В эту минуту к ней подошел Сэн-Круа и почтительно произнес:

— Простите, герцогиня, я сейчас нашел вот этот медальон там на полу, в олеандровой беседке. Он лежал раскрытым и, так как я увидал в нем миниатюрный портрет молодого герцога Ренэ Дамарр, то заключил отсюда, что эта вещица должна принадлежать Вам.

Сюзанна торопливо схватила медальон, вероятно, оторвавшийся у нее от браслета, на котором он висел, при порывистом движении руки, когда она была испугана внезапным появлением Лашоссе.

— Благодарю Вас, — промолвила она, украдкой пожимая руку Сэн-Круа, и устремила взгляд, полный материнской нежности, на своего одинокого сына. Однако она тотчас же отвернулась от него, так как к ней уже подходил Дамарр.

— Сюзанна, — сказал он, — Лашоссе подал экипаж.

Остальные гости также стали прощаться с радушным хозяином.

Между прочим подошел к нему и Сэн-Лорен.

— Довольны ли Вы моим угощением? — спросил Пенотье.

— Во всех отношениях… Ваш дом восхитителен. Скажите, однако, любезный коллега, — продолжал гость, — подземелье под ним, должно быть, имеет большое протяжение? Я слышал, что у Вас существуют значительные склады вин.

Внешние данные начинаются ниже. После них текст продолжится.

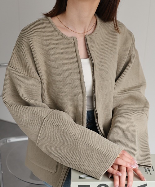 カーディガン感覚で羽織れるデザインながら、ブルゾンのような存在感のある一着です。

— Конечно. Подвалы этого старинного здания, построенного некогда графами Невэр, простираются до улицы Фран-Буржуа.

— Значит, они соединяются, как говорил мне Ваш дворецкий, с каменоломнями?

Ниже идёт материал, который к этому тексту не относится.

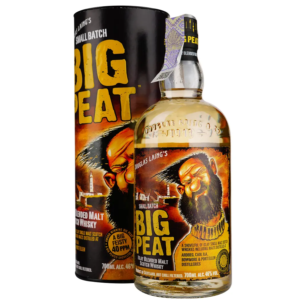 "Big Peat" - чудовий купажований солодовий віскі, до складу якого входять лише віскі з острова Айла. У бленді є віскі "Caol Ila", що додають солодкість, віскі "Bowmore", це створює ідеальний баланс, віскі "Ardbeg", що наповнює купаж лікарськими нотками, та елегантний "Port Ellen". Фред Леїнг, один з власників компанії Douglas Laing and Co, каже, що, в купажі є і пара секретів, але навіть після кількох порцій випивки він не буде ділитися цією інформацією, і тому вона залишається найсуворішим секретом! В "Big Peat" не додається колер, він не проходить холодну фільтрацію та розливається у пляшки при міцності в 46%, що призводить до природного маслянистого смаку.

— Совершенно верно. Из моих погребов можно отправиться на подземную прогулку. Если Вам придет охота, устроим это развлечение. Неприятно одно, что каменоломни кишат опасным сбродом; но не могу же я замуровать все лазейки!

“Лашоссе проник сюда через каменоломни, — подумал про себя Сэн-Лорен. — Может быть, найдется средство похоронить его навсегда во мраке этих подземелий”.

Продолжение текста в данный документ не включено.